> [Task data]:
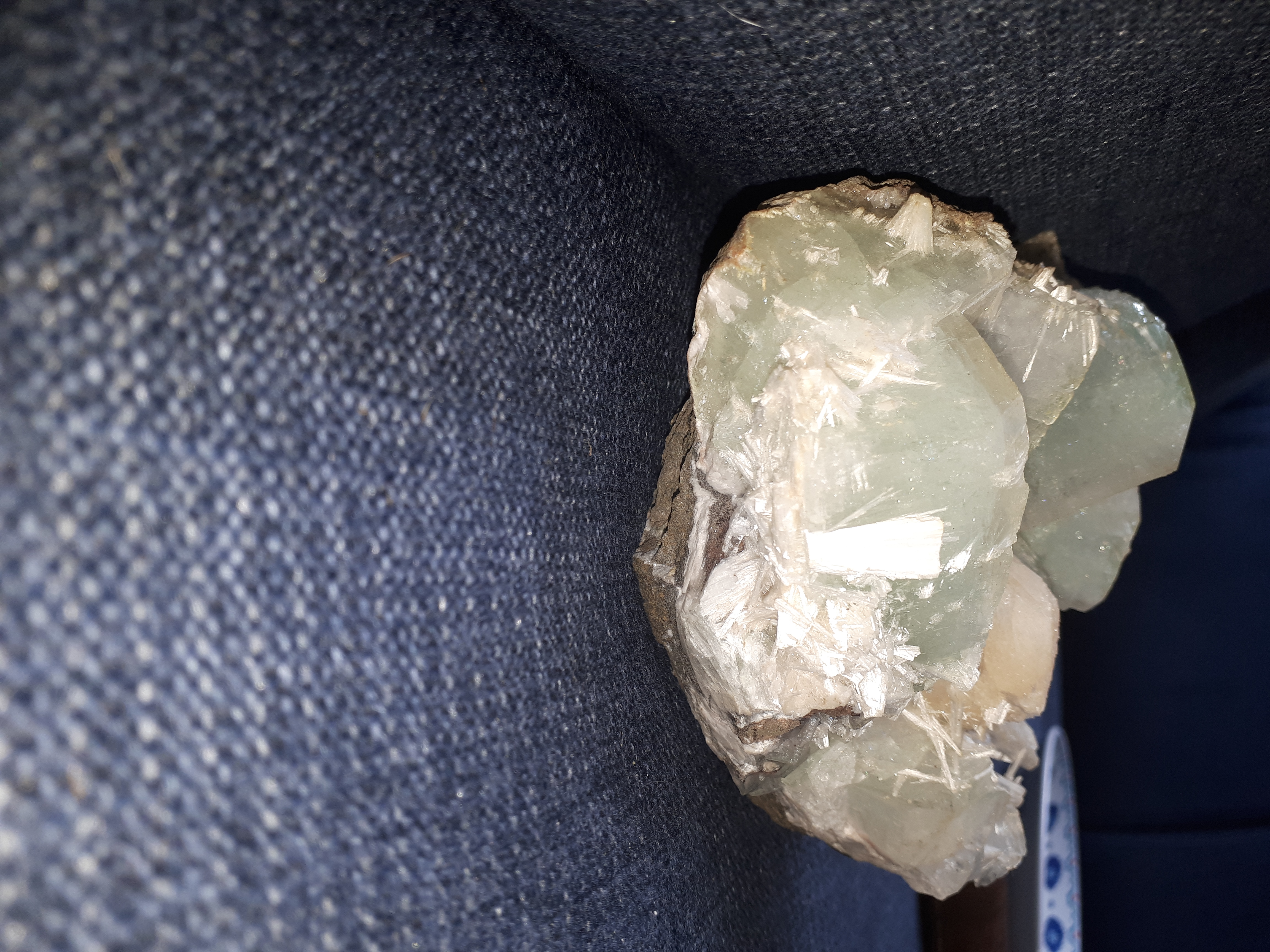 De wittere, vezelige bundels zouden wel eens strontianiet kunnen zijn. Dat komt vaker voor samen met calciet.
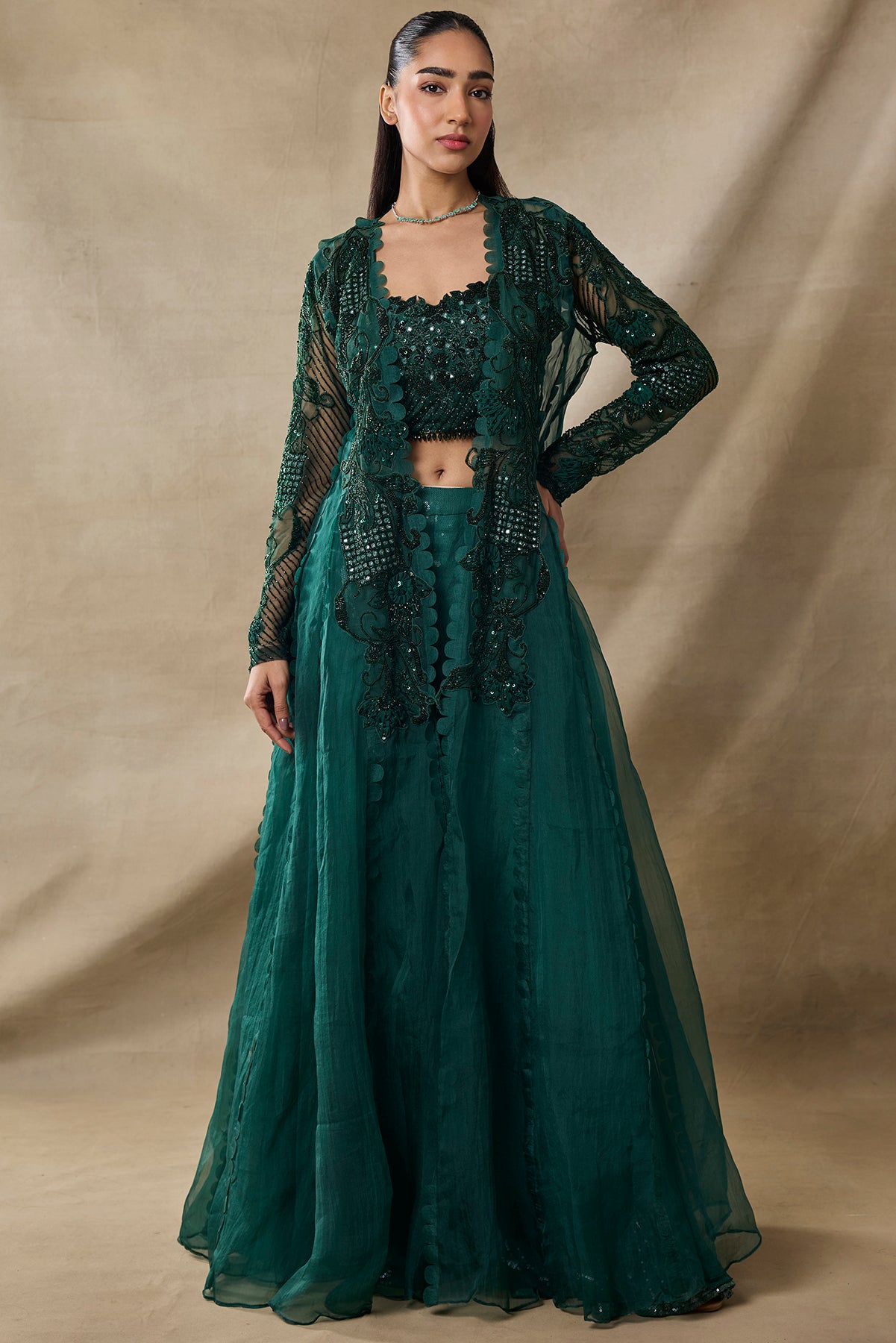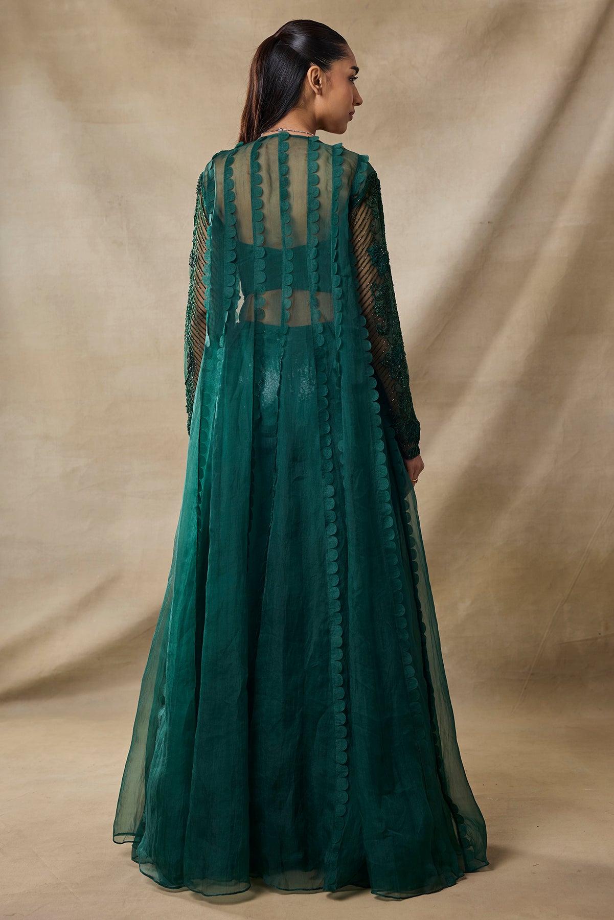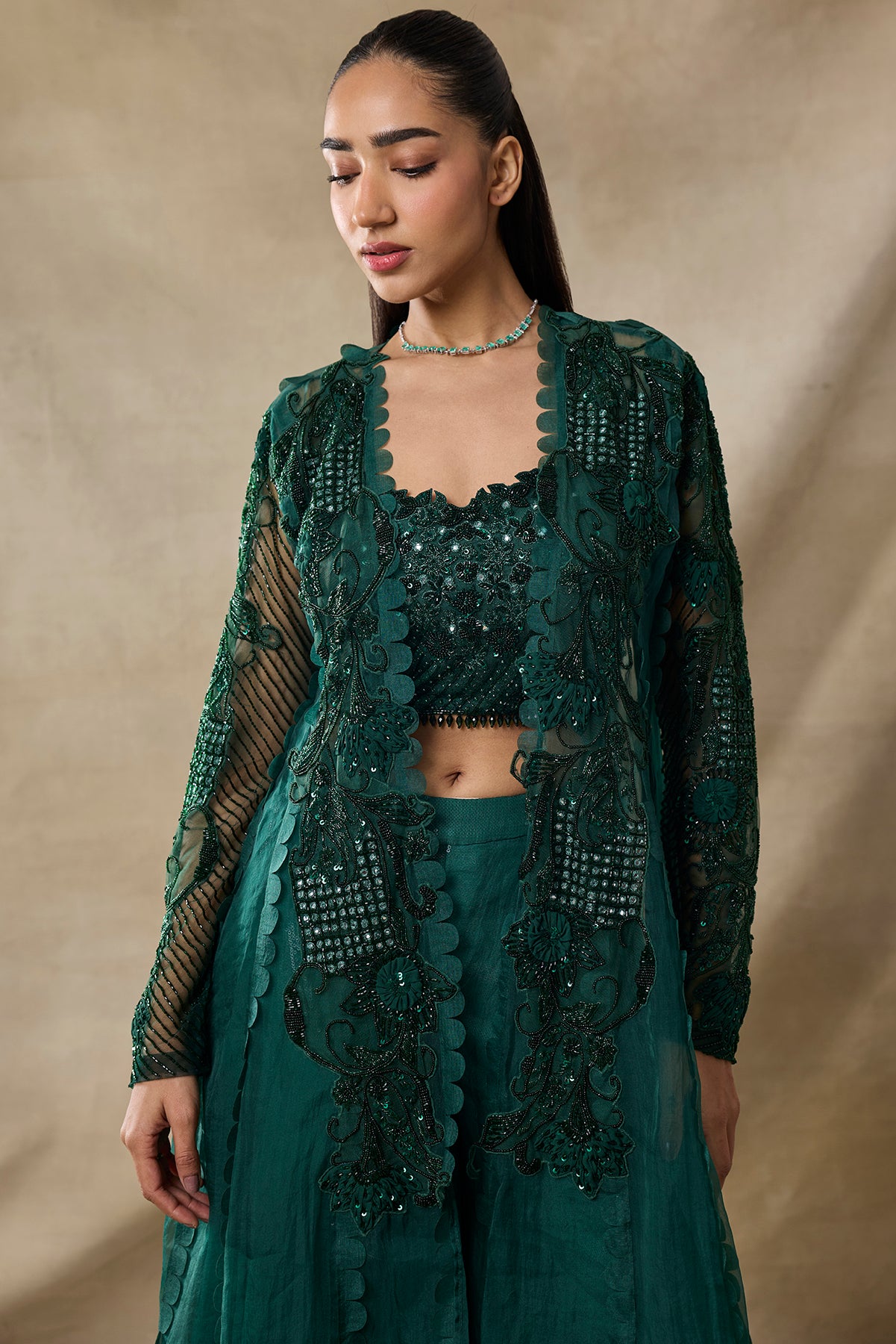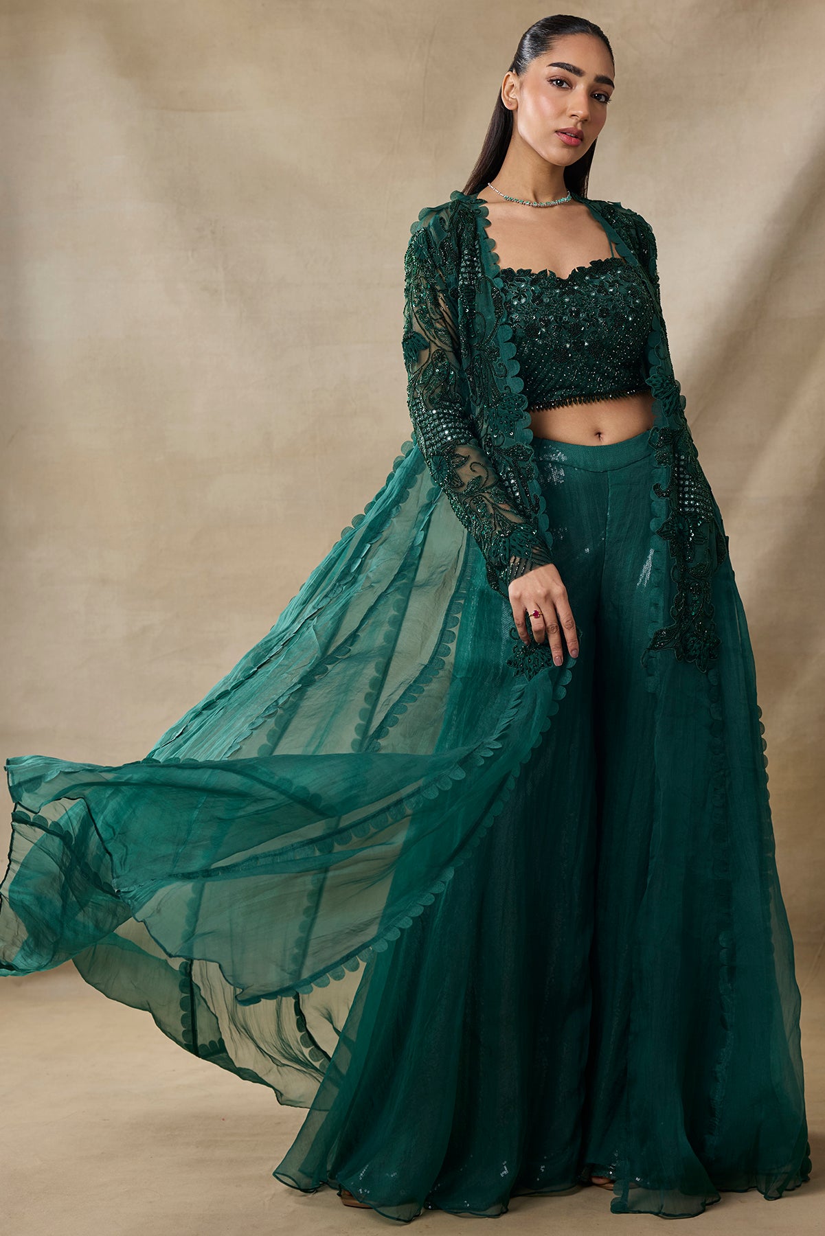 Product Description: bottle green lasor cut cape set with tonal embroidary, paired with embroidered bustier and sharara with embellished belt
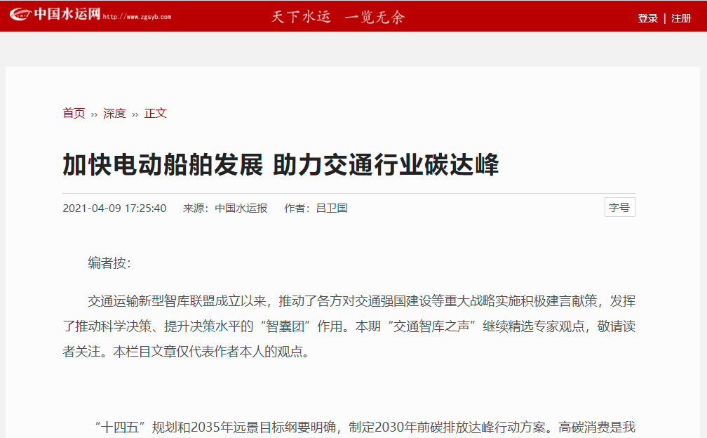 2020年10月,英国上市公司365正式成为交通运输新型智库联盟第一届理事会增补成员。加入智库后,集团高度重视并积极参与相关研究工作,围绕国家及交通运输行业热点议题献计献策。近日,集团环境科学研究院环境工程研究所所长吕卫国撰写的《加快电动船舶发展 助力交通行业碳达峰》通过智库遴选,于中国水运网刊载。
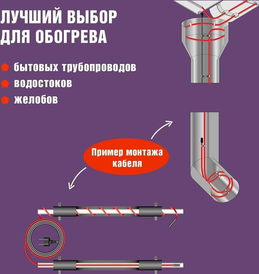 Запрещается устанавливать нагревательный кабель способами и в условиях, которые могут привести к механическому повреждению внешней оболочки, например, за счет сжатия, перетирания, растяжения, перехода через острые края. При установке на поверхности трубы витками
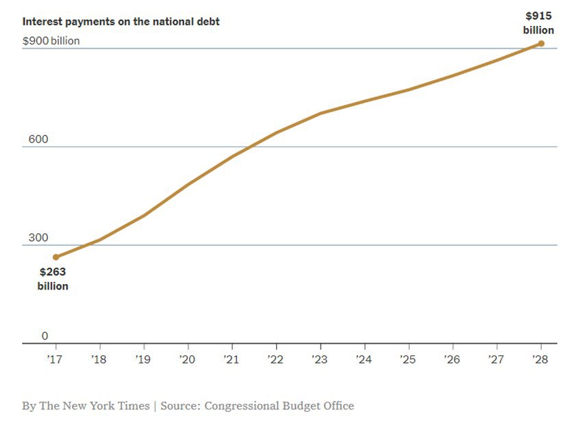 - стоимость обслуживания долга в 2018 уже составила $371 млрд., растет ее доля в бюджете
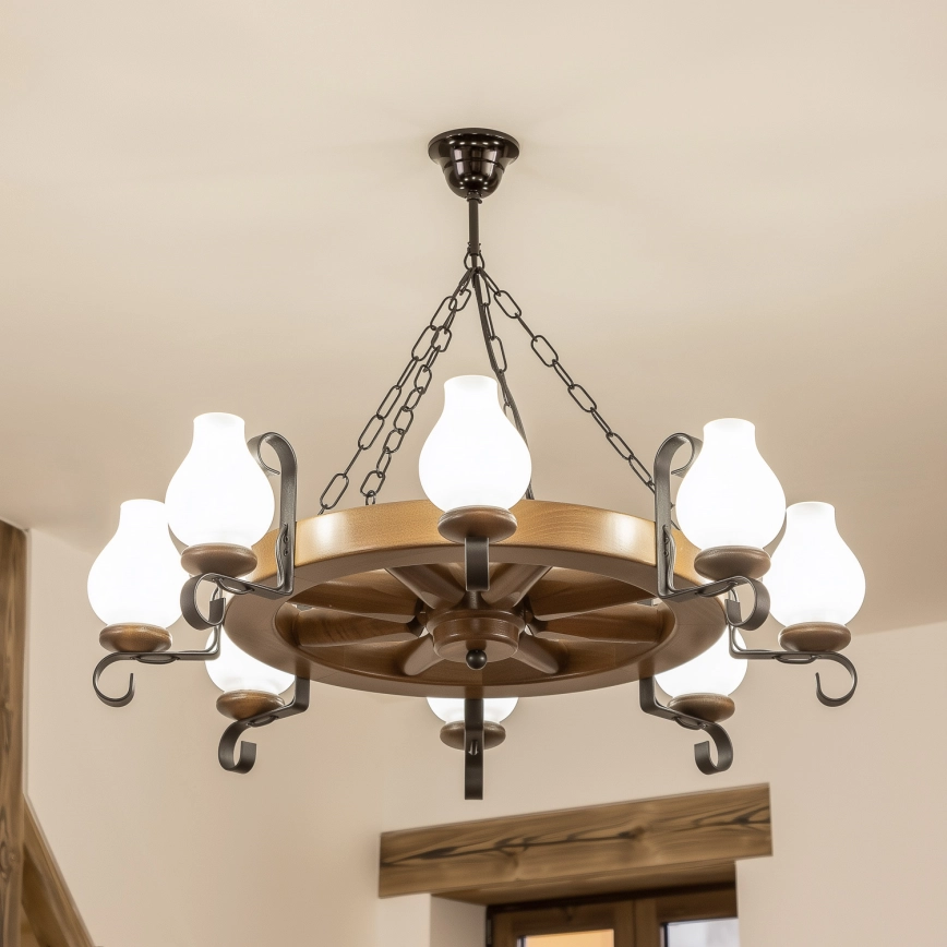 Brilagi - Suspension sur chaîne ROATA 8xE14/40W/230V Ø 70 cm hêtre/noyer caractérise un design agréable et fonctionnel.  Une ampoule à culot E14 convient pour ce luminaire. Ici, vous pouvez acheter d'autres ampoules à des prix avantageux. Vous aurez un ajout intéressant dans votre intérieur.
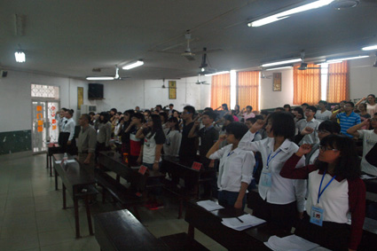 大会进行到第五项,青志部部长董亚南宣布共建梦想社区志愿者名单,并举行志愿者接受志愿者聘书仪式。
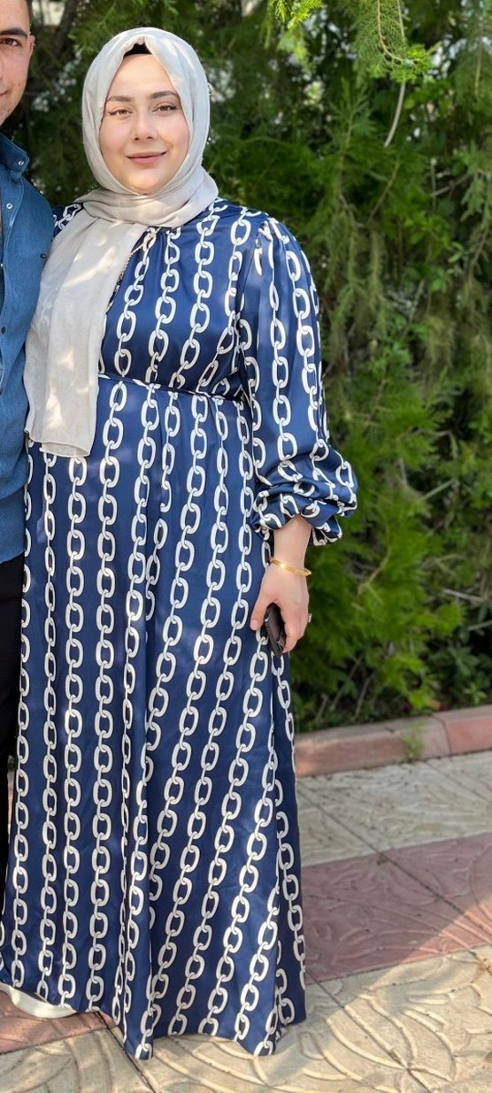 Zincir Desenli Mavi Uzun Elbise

> [The problem]: Only the lines from the start of the records to the one containing "- стоимость обслуживания" should be repeated, exactly and with both ends kept; drop any pictures.

> [Written answer]:
 De wittere, vezelige bundels zouden wel eens strontianiet kunnen zijn. Dat komt vaker voor samen met calciet.
 Product Description: bottle green lasor cut cape set with tonal embroidary, paired with embroidered bustier and sharara with embellished belt
 2020年10月,英国上市公司365正式成为交通运输新型智库联盟第一届理事会增补成员。加入智库后,集团高度重视并积极参与相关研究工作,围绕国家及交通运输行业热点议题献计献策。近日,集团环境科学研究院环境工程研究所所长吕卫国撰写的《加快电动船舶发展 助力交通行业碳达峰》通过智库遴选,于中国水运网刊载。
 Запрещается устанавливать нагревательный кабель способами и в условиях, которые могут привести к механическому повреждению внешней оболочки, например, за счет сжатия, перетирания, растяжения, перехода через острые края. При установке на поверхности трубы витками
 - стоимость обслуживания долга в 2018 уже составила $371 млрд., растет ее доля в бюджете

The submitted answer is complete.